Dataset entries
* * * * *

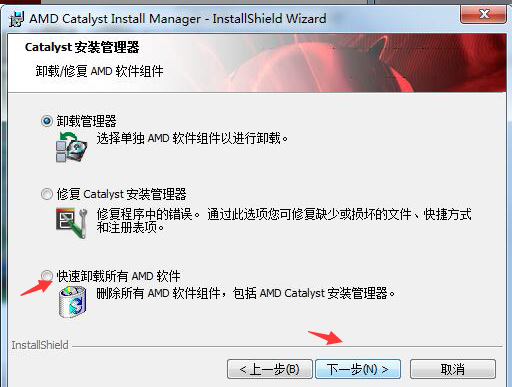 5、單擊顯卡圖標(biāo)的程序后會(huì)進(jìn)入AMD 刪除與修復(fù)的界面,選擇下方的“下一步”進(jìn)入,如下圖;
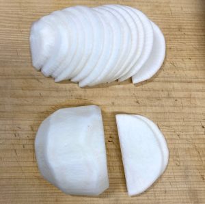 1)ハマチは5mmくらいの薄切りにする。かぶは皮をむいて3−4mm(ハマチより薄切り)に切る(写真)。ドレッシングを合わせておく。鮮度のいい葉付きのかぶなら、葉2枚くらいをせん切りにしておく。
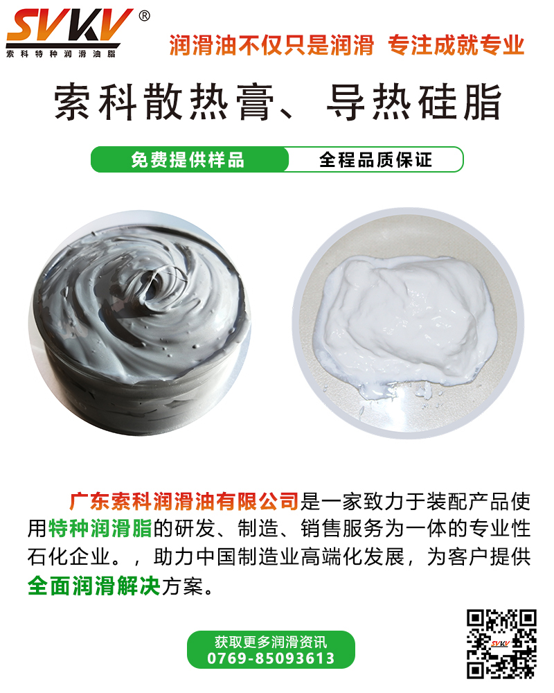 SVKV索科系列導(dǎo)熱硅脂適用溫度廣泛,不易出現(xiàn)風(fēng)干硬化或熔化現(xiàn)象,同時(shí)具有耐高低溫能力。主要用于填充發(fā)熱體與散熱片之間的空隙,提高散熱效果,改善電子/電氣器件向散熱器或底盤的熱轉(zhuǎn)移,增加器件的總體效能。
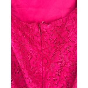 Own your next event in this sexy lace bralette dress by Bardot featuring a peek-a-boo chest cutout. Pink lace (40% Nylon, 40% Cotton, 20%Viscose). Lining (95% Polyester, 5% Elastane). Hourglass. Sleeveless. Sweetheart. Back zipper closure.
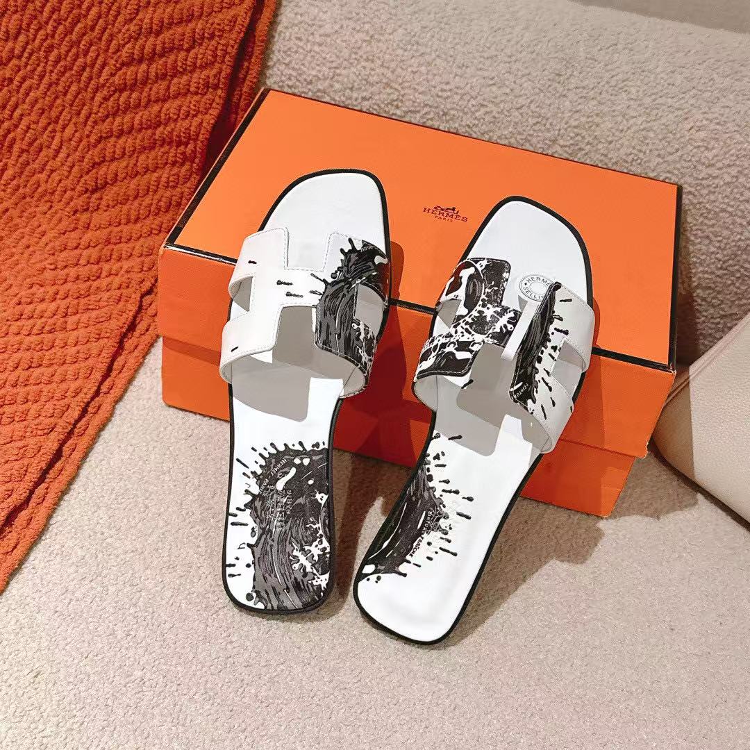 0RAN SANDAL IN BLACK MIX WHITE CALFSKIN

* * * * *

YOUR TASK:
Would you please print only the lines running from the one with "SVKV索科系列導(dǎo)" to the final line of the entries above, exactly as written and without pictures?

ANSWER BOX:
 SVKV索科系列導(dǎo)熱硅脂適用溫度廣泛,不易出現(xiàn)風(fēng)干硬化或熔化現(xiàn)象,同時(shí)具有耐高低溫能力。主要用于填充發(fā)熱體與散熱片之間的空隙,提高散熱效果,改善電子/電氣器件向散熱器或底盤的熱轉(zhuǎn)移,增加器件的總體效能。
 Own your next event in this sexy lace bralette dress by Bardot featuring a peek-a-boo chest cutout. Pink lace (40% Nylon, 40% Cotton, 20%Viscose). Lining (95% Polyester, 5% Elastane). Hourglass. Sleeveless. Sweetheart. Back zipper closure.
 0RAN SANDAL IN BLACK MIX WHITE CALFSKIN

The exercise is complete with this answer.